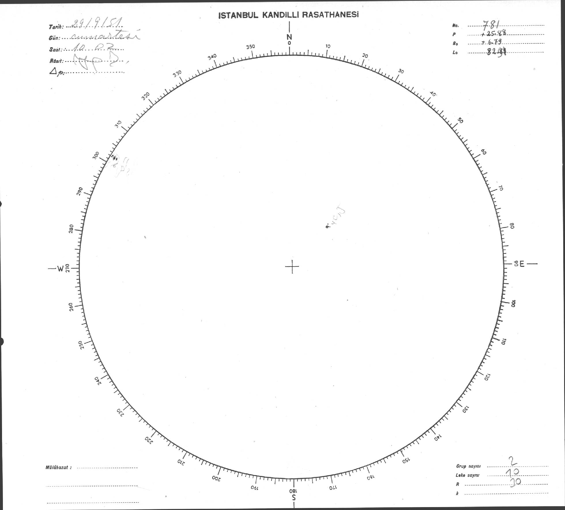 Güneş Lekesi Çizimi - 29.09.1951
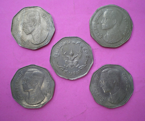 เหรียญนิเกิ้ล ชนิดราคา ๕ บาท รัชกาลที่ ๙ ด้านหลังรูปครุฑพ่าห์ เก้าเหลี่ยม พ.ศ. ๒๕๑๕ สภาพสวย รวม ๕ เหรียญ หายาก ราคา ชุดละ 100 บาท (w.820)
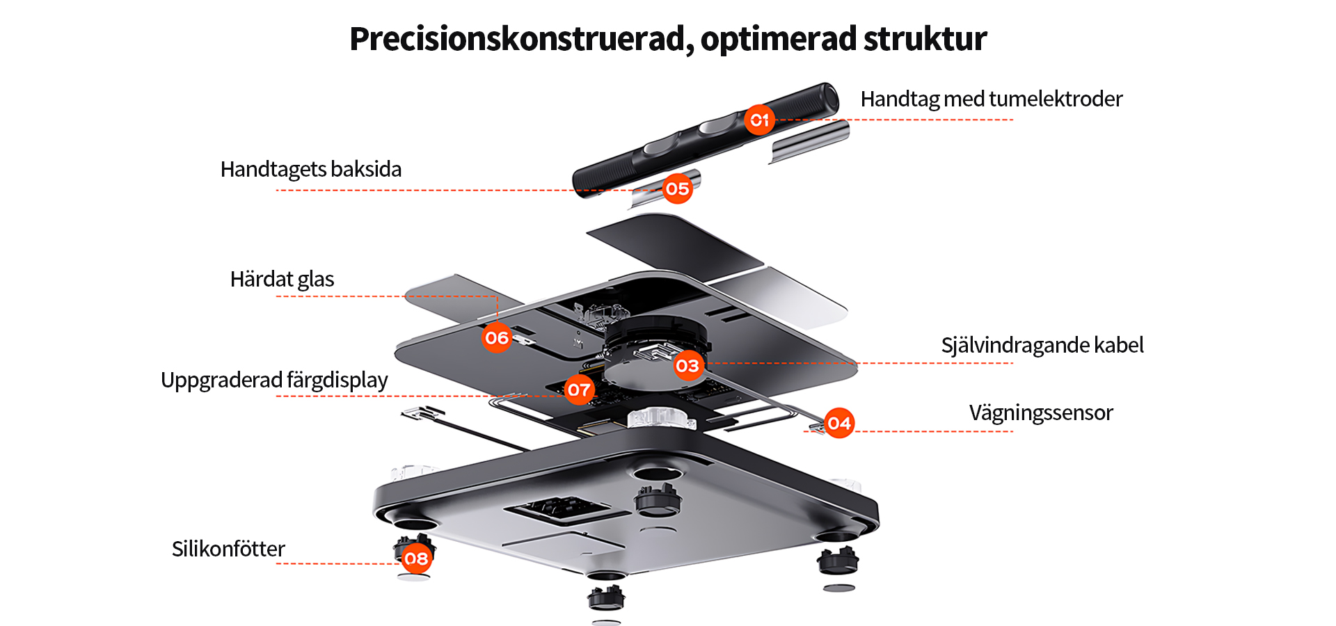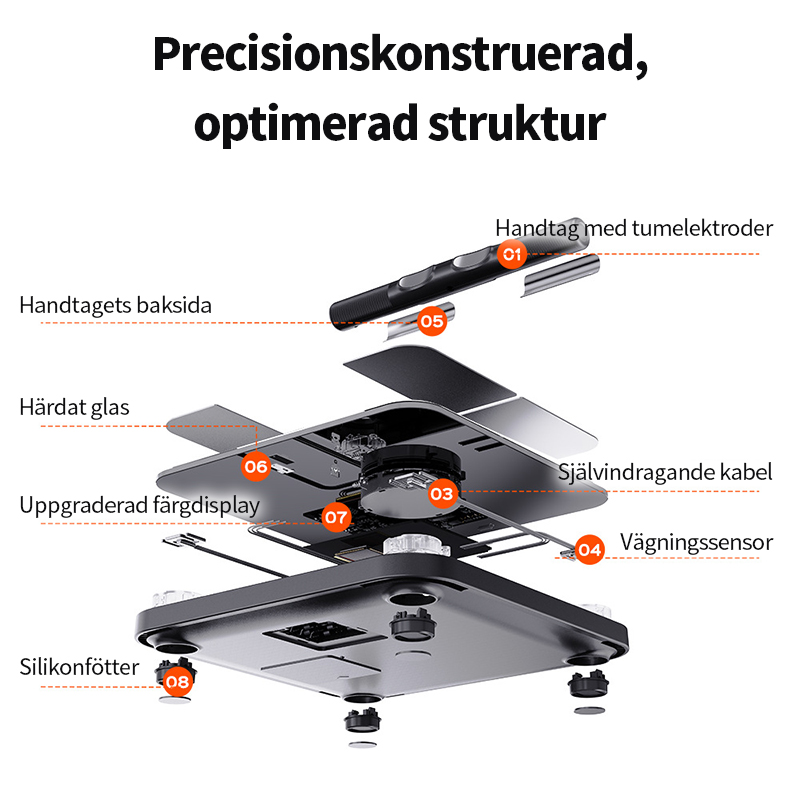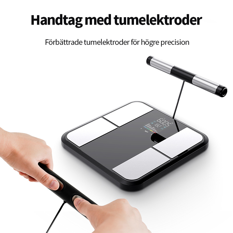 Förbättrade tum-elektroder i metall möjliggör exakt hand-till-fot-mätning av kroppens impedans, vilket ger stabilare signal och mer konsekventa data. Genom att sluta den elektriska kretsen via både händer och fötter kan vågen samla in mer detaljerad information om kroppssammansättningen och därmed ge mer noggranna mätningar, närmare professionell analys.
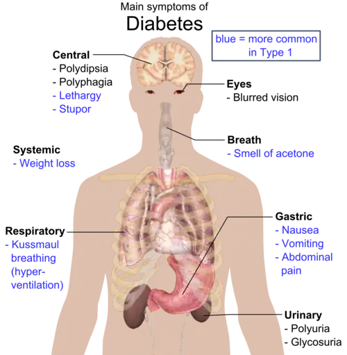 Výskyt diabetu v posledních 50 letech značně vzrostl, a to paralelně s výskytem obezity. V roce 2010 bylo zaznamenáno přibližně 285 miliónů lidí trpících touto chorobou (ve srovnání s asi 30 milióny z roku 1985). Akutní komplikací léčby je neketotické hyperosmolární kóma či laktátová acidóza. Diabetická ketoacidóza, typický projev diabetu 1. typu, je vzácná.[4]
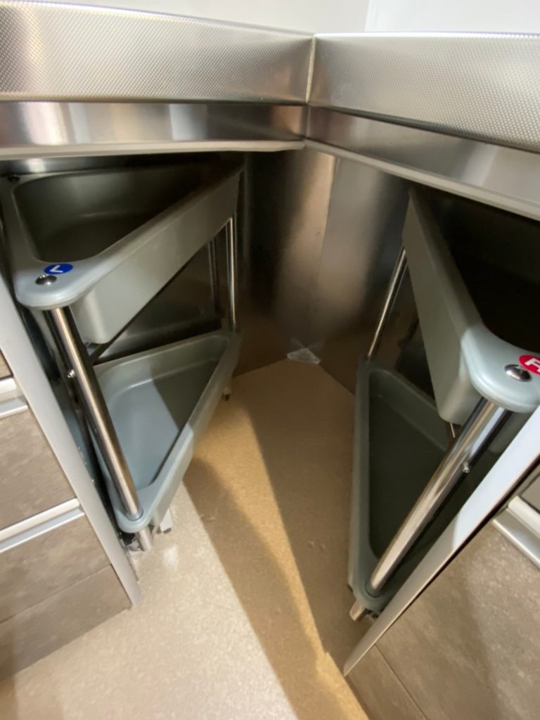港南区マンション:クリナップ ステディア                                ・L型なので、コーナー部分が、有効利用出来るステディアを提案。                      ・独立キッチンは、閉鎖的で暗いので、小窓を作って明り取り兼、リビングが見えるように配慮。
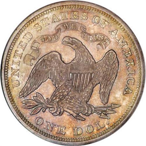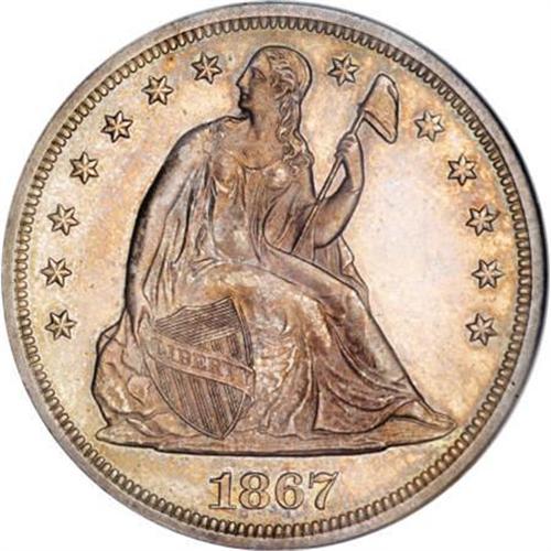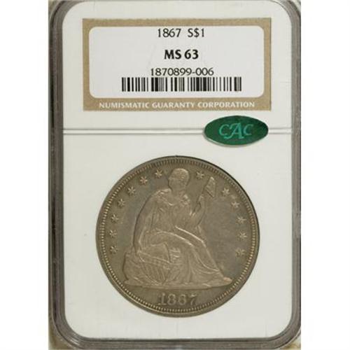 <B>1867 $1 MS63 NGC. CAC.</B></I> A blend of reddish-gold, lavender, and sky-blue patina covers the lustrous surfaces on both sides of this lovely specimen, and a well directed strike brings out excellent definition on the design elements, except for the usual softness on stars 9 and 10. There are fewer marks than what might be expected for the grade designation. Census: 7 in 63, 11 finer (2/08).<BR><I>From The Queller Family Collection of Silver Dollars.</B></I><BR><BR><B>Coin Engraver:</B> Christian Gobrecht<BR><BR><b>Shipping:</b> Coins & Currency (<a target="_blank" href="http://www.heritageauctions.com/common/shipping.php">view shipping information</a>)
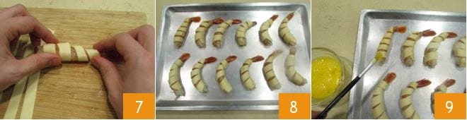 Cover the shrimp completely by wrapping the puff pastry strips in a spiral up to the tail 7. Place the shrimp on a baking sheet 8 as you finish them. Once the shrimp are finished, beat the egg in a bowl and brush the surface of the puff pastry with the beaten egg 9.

● ● ●

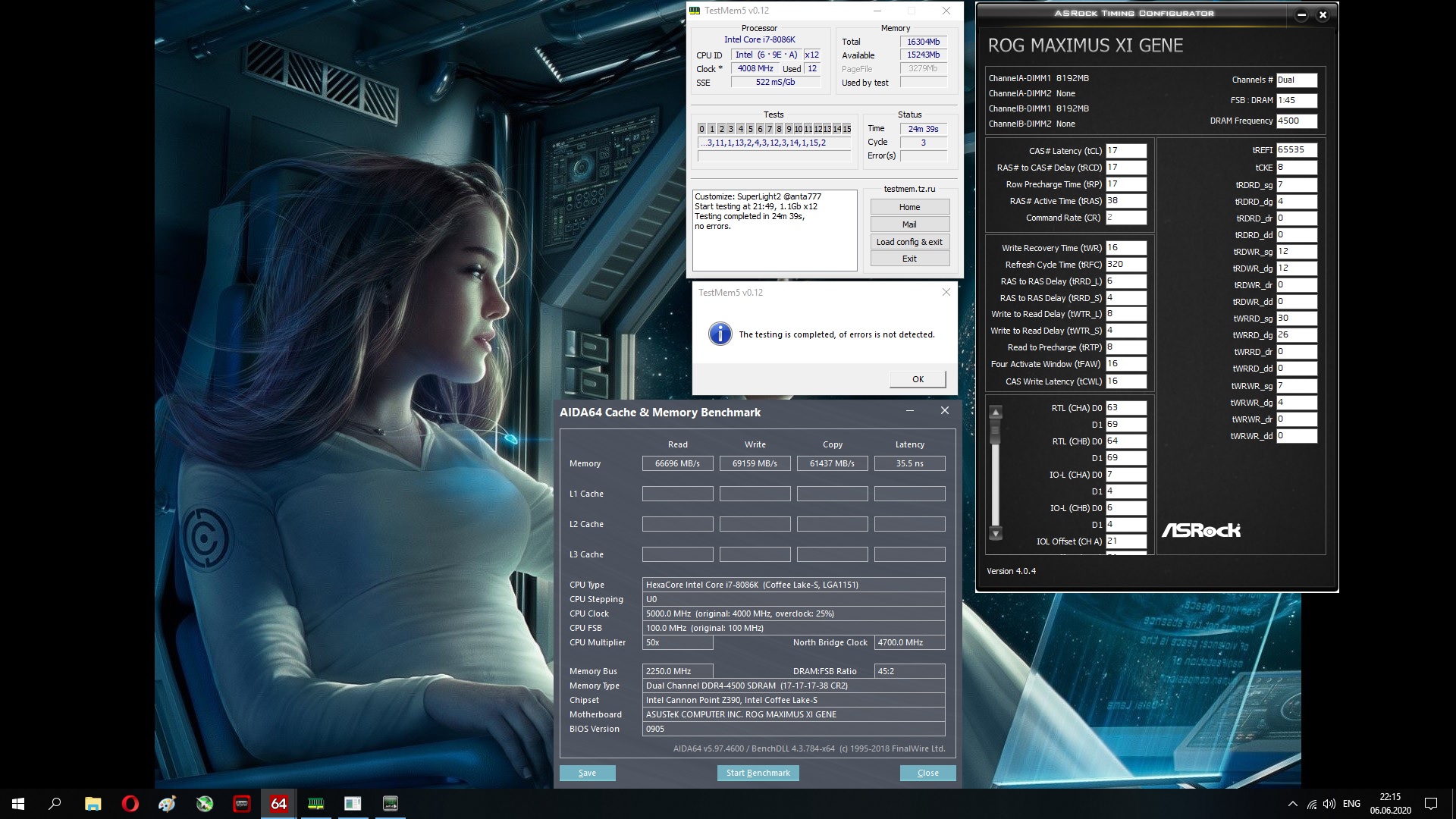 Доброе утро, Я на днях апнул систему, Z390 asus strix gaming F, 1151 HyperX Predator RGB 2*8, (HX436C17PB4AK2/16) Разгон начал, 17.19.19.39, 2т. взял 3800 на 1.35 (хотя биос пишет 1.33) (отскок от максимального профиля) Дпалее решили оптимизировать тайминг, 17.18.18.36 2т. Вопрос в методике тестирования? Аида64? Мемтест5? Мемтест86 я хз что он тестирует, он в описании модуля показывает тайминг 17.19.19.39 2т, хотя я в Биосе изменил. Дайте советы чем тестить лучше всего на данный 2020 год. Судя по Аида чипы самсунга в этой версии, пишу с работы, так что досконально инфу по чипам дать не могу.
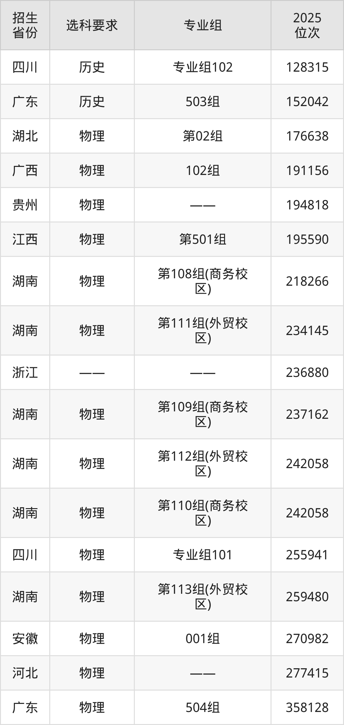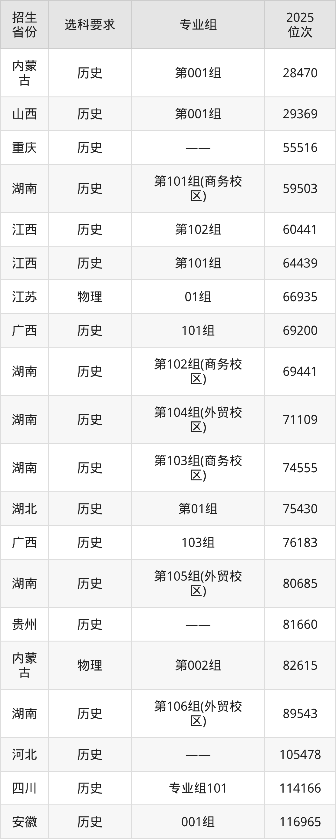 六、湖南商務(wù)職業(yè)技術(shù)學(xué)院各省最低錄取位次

● ● ●

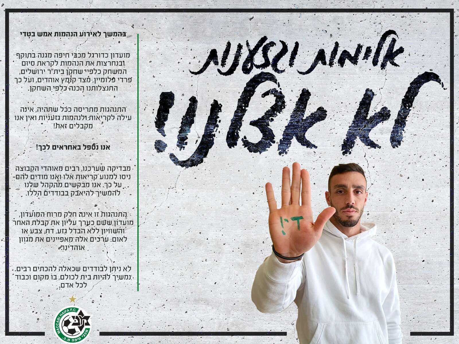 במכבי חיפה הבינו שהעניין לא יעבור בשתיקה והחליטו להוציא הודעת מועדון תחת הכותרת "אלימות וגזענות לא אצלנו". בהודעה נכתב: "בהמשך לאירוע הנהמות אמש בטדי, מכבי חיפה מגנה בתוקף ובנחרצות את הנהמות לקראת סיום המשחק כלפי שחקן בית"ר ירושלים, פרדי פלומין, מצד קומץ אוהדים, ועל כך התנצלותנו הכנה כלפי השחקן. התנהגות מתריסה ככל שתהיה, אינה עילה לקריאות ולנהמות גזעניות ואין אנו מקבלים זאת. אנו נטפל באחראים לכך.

● ● ●

> EXERCISE BRIEF
Working from the records above, set down word for word everything from the line containing "Доброе утро, Я" down to the line containing "六、湖南商務(wù)職業(yè)技術(shù)學(xué)院各省最低錄取位次", ends included, minus the pictures.

> YOUR RESPONSE
 Доброе утро, Я на днях апнул систему, Z390 asus strix gaming F, 1151 HyperX Predator RGB 2*8, (HX436C17PB4AK2/16) Разгон начал, 17.19.19.39, 2т. взял 3800 на 1.35 (хотя биос пишет 1.33) (отскок от максимального профиля) Дпалее решили оптимизировать тайминг, 17.18.18.36 2т. Вопрос в методике тестирования? Аида64? Мемтест5? Мемтест86 я хз что он тестирует, он в описании модуля показывает тайминг 17.19.19.39 2т, хотя я в Биосе изменил. Дайте советы чем тестить лучше всего на данный 2020 год. Судя по Аида чипы самсунга в этой версии, пишу с работы, так что досконально инфу по чипам дать не могу.
 六、湖南商務(wù)職業(yè)技術(shù)學(xué)院各省最低錄取位次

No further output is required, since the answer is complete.